What comes to your mind when you think of Mongolia? The endless steppe, the nomadic lifestyle, the round dwelling called ‘ger’ and the history of Chingghis Khaan? These are USPs (Unique Selling Point), mainly geared towards tourism and marketing but they are not necessarily so useful for people who want to know about the real Mongolia. The real Mongolia is not one thing. It is many things. The real Mongolia starts from Ulaanbaatar, the capital of the country, a home to over a million residents and a fascinating cosmopolitan metropolis located at the heart of Central Asia. Ulaanbaatar is enormous in size as well. Most visitors tend to stay couple of days in Ulaanbaatar and head for the countryside as it is in the end what was promised on the brochure. Except a few adventurous back-packers, not many visitors venture outside the city centre, probably concerned about unexpected things to happen or just not interested. This unintentional exclusion continues on and it is having a detrimental effect on the understanding of the country to the wider world. I think, I better continue this thread in my future posts.
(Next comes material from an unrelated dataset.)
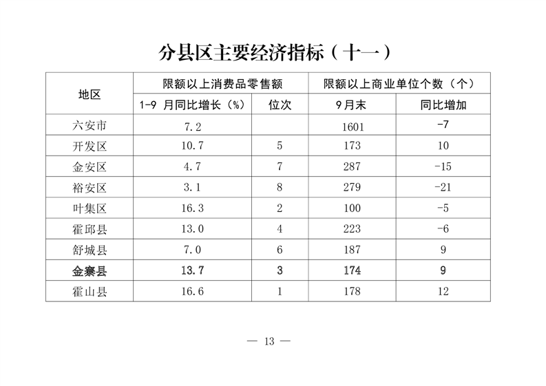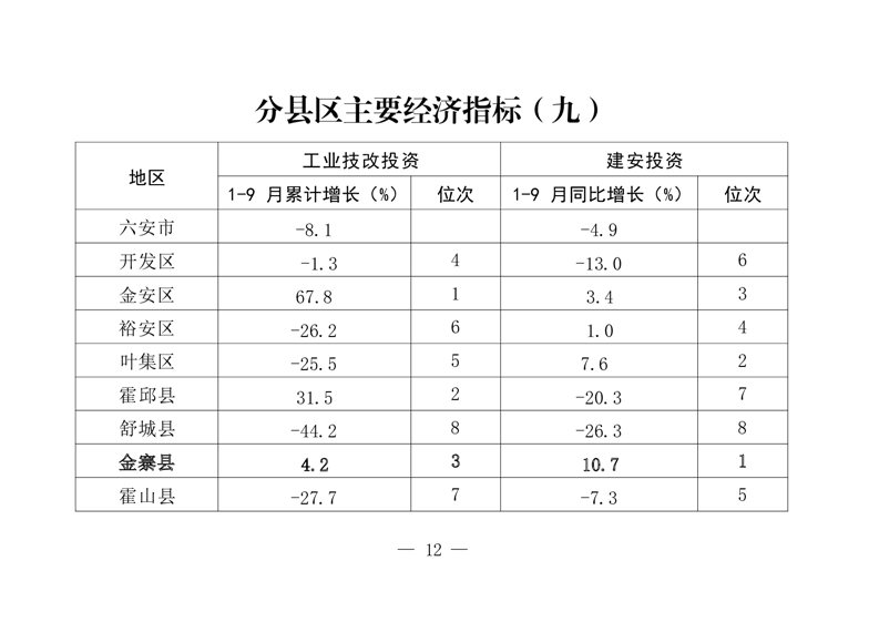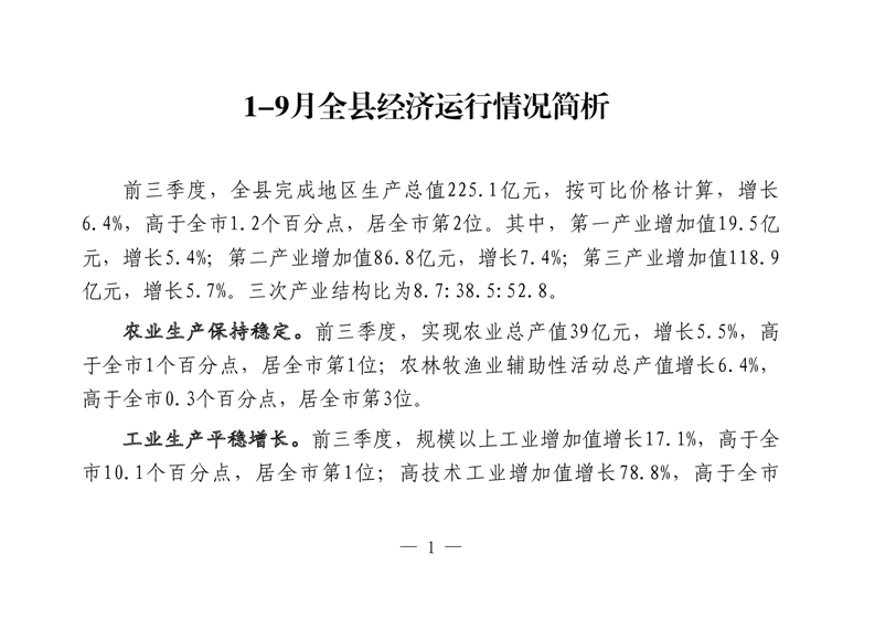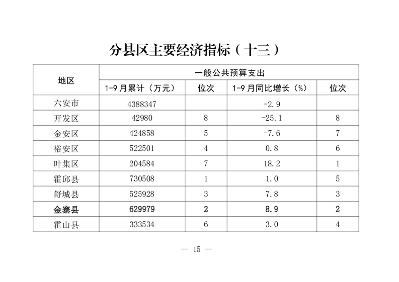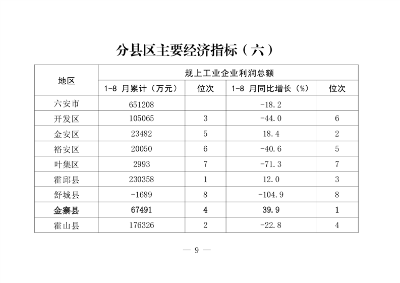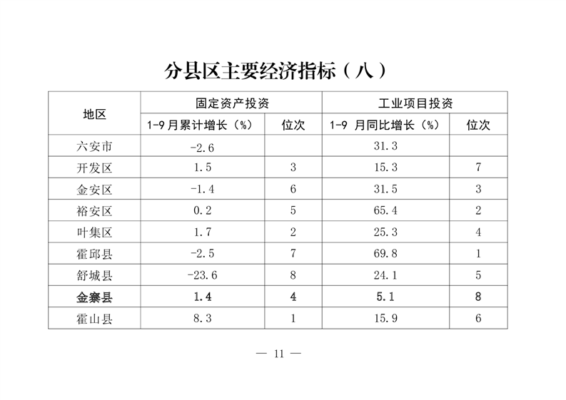 金寨縣2025年1-9月月度統(tǒng)計(jì)資料

Outside the National Weather Office in Ulaanbaatar. December 2011. Photograph by T. Tsegmid
Back to my winter break. It was a real joy to be in Mongolia. Of course, it was very cold and the capital air pollution was at times unbearable. Who enjoys inhaling the polluted air produced from domestic coal use, electricity factories and cars? But then, how these thousands of families who don’t live in apartments supposed to cope with the cold winter starts in late October and continues on well into March? They need to use coal to keep warm and the alternative fuel recommended by the Government is hard to find and expensive for low-income families. On a daily basis, they need to balance between keeping it warm and having something to eat. Despite all these constant difficulties, I saw people living their lives, going to work, studying and keeping their ambitions alive. It was an eye-opener. Suddenly, my so-called minor problems are nothing compared to what these people need to go through every day. I call them ‘The Brave Ones’!
‘The Brave Ones’ don’t wait for a help from others; instead, they help themselves. ‘The Brave Ones’ have one thing in common; they are defiant in the face of difficulties. I think that the world is a better place because of these people who decided not to give up and continue to believe in themselves.
For anyone, who is interested in finding out the real Mongolia, you need to go there. Especially, you need to go there during autumn, winter and spring. You need to travel beyond the modern city centre of Ulaanbaatar and see how ‘The Brave Ones’ live and breathe. And there are other large cities besides the capital: Darkhan, Erdenet and many more urban centres.